The European Parliament elections have seen a set of national campaigns hi-jacked by this debate - instead of a discussion about the EU, we've had a series of staged rows about immigration with loud asides alleging racism in all directions. Or rather "I'm not calling it racism because racists might not vote for me but it's a bit off colour". Perhaps the most egregious was from the Green Party who seem to think it clever or cool to blame a minor (and alleged - remember that police crime statistics are a fiction) rise in 'hate crime' on another political party.  All this does precisely nothing to help us deal with the influx of immigrants - and dear reader, they're here and they're staying.
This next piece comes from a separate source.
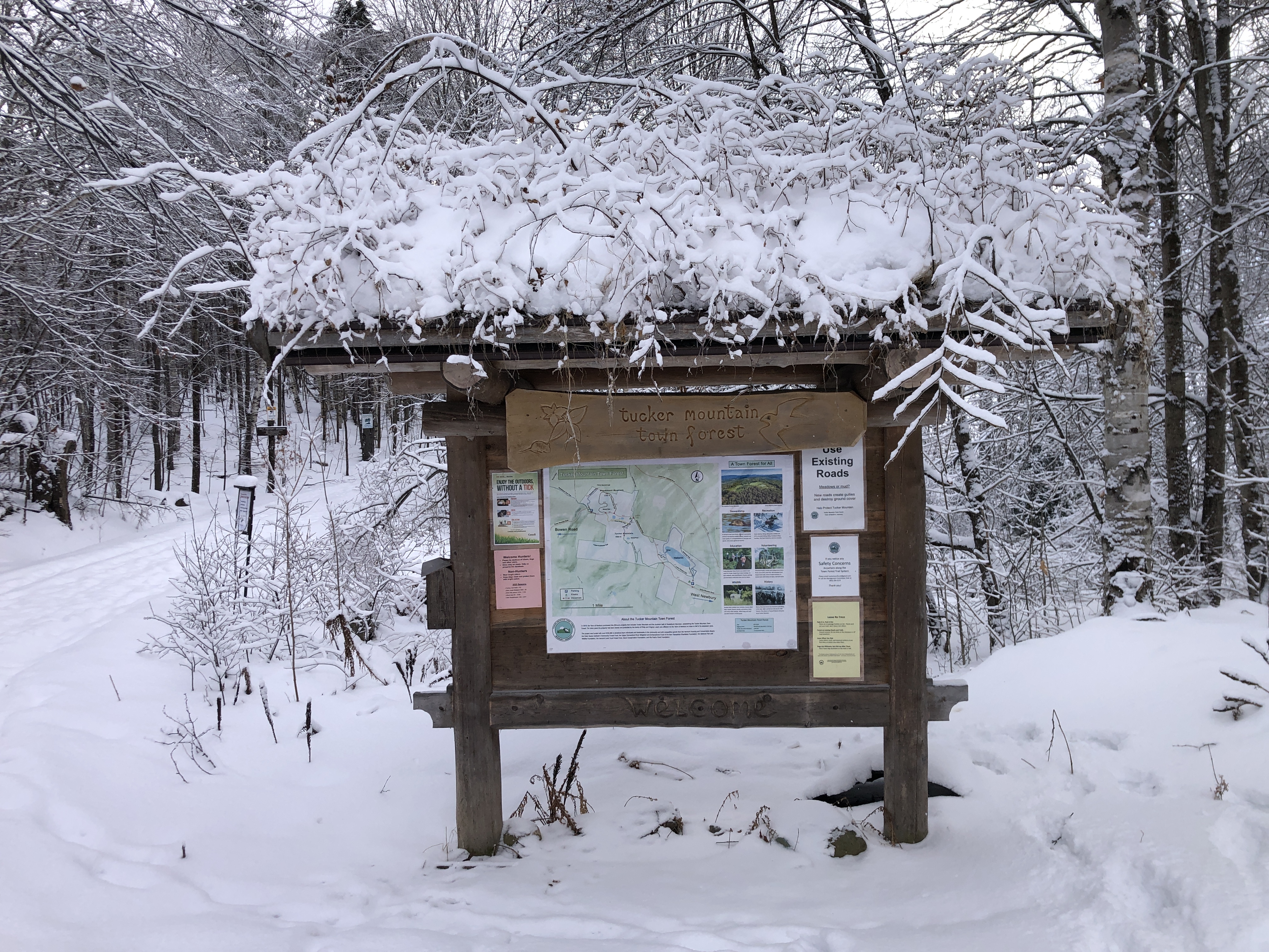 Caption: Ice on the bushes on the roof of the kiosk located on the Tucker Mountain Road is indicative of what we soon encountered on the Putnam Trail

I don't win any political friends for saying that our attitude to immigration is antediluvian but I do think that this EU election campaign, by making out that opposition to the EU is somehow about racism, hasn't helped the campaign to leave. If the only reason for getting out of the EU is that we won't have those pesky foreigners coming here any more, then we can give up on any hope of leaving - the British people aren't so intolerant. And we now know that those of us who want a free trade nation looking to sell our genius wherever it is wanted, and know that the EU stops this from happening - we'll be painted as racist authoritarians by the enthusiasts for the European project.

I recall Ted Heath telling a story from the 1976 referendum about a well-known left-wing opponent of the Common Market. This socialist grandee arrived at a televised debate to see the pro- and anti- Europe speakers, his eyes scanned across the panel and he said something like: "the camera will pan across Heath, Callaghan and a man from the CBI speaking in favour and then the other side - Powell, and Teddy Taylor. I'm not appearing with those nutters."

This sums up the problem in any referendum campaign - because UKIP has made it, for reasons of cynical political expediency, a debate about immigration plenty of people will do what that socialist grandee did and sit the campaign out. With the result that the real debate, the one about free trade, free speech and free enterprise, won't happen. And the pro-Europeans will win.